Edward Onslow Ford
Sir William Agnew, 1st Bt (1825–1910)
- Marble, on a square yellow marble socle
- 30 × inches · 762 × mm
- Signed and dated: ‘E Onslow Ford / 1898’ (to reverse)
- By descent in the firm of Thos. Agnew & Sons, London until 2013.
- London, Royal Academy of Arts, 1899 (2015).
This notable bust of Sir William Agnew was executed by the sculptor Edward Onslow Ford shortly after Agnew’s retirement from the firm which he had propelled to pre-eminence. The portrait is a penetrating study of Agnew, displaying both Ford’s extraordinary technical ability and his skill to render a likeness. The bust was exhibited at the Royal Academy in 1899 and then was displayed permanently in Agnew’s imposing purpose-built premises at 39 (now 43) Old Bond Street.

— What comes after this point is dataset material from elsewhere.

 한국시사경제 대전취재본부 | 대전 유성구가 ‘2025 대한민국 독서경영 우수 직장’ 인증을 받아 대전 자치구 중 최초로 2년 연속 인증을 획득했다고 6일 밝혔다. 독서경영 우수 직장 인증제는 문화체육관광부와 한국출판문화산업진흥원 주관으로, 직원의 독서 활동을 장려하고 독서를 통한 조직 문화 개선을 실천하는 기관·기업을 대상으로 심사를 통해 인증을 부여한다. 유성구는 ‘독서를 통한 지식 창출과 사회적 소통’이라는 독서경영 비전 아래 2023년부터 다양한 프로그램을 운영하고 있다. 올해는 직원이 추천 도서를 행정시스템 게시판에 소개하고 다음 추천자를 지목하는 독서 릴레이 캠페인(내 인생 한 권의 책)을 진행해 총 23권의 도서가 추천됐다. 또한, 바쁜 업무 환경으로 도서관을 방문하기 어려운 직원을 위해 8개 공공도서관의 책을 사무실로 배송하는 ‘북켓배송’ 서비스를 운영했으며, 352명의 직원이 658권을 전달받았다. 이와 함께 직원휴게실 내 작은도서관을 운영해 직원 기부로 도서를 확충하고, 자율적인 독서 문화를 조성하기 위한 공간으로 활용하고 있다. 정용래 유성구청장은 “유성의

Ford’s first public commission, a bronze statue of Sir Rowland Hill was soon followed by a life-sized marble portrait of Sir Henry Irving as Hamlet now in the Guildhall Art Gallery, London. From 1884 Ford came into close contact with Alfred Gilbert, who occupied a neighbouring studio in The Avenue, Fulham Road. Thanks to what Gilbert characterised as Ford’s ‘powers of assimilation’, his work began to reflect Gilbert’s style and approach. Ford assisted Gilbert in his experiments with lost-wax casting, and went on to establish his reputation with statuettes in this medium.

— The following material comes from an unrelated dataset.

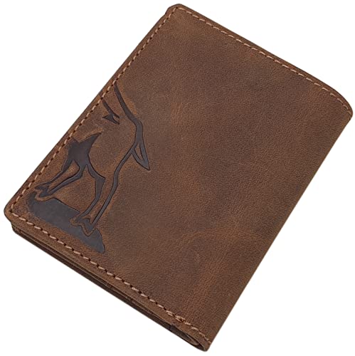 Pelle die bufalo portafoglio con cinghiale motivo in formato verticale o formato orizzontale con blocco RFID & NFC in marrone (Modello 1 / Formato verticale)

Ford's art related closely to the arts and crafts movement – he was a founder member of the Art Workers’ Guild in 1884 particularly when and where it crossed traditional boundaries between sculpture and precious metalwork. He was the first British New Sculptor to exhibit mixed-media works, and was thus an important precursor to George Frampton, William Reynolds-Stephens, and Gilbert Bayes. Ford's earliest and best-known work of this type is The Singer. This bronze statuette portrays an Egyptian girl wearing turquoises and garnets in her circlet, holding a harp decorated with imitation enamelling. Ford's masterpiece is his memorial to Percy Bysshe Shelley, the most ambitious Victorian figure sculpture in Oxford. Originally intended for the protestant cemetery in Rome, it proved too large for its site. Following its acclaim at the 1892 Royal Academy, it was accepted by University College, Oxford, where Shelley had briefly been an undergraduate.

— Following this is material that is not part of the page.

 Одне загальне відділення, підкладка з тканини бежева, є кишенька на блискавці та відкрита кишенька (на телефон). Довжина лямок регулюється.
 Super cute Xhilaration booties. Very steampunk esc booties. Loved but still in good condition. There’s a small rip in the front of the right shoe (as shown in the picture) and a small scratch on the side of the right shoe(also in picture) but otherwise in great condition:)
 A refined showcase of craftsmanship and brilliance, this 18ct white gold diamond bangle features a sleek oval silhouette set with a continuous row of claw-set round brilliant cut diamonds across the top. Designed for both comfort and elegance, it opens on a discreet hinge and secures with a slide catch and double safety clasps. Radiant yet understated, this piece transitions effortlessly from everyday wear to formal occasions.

The contemporary writer on sculpture Marion Spielmann admired Ford's portrait busts as much as his ideal sculptures: ‘they are speaking likenesses: in every instance the man himself (or the lady) is before you.’ Though Ford was less prolific in this area than Edgar Boehm and Thomas Brock, his busts surpassed theirs in sympathy towards their sitters' personalities and in vividness of modelling. This is particularly evident in the bust of Agnew which is rendered with extraordinary naturalism down to his facial blemishes. The directness of the portrait of Agnew is off-set by the grandeur of its conception; Ford has deliberately left the underside of the bust roughly carved suggesting the original marble block and recalling the work of Michelangelo. The conceit of the unfinished block also makes the bust appear like a fragment. The portrait is finished with a yellow marble socle, adding an element of polychromy a particular feature of Ford’s works.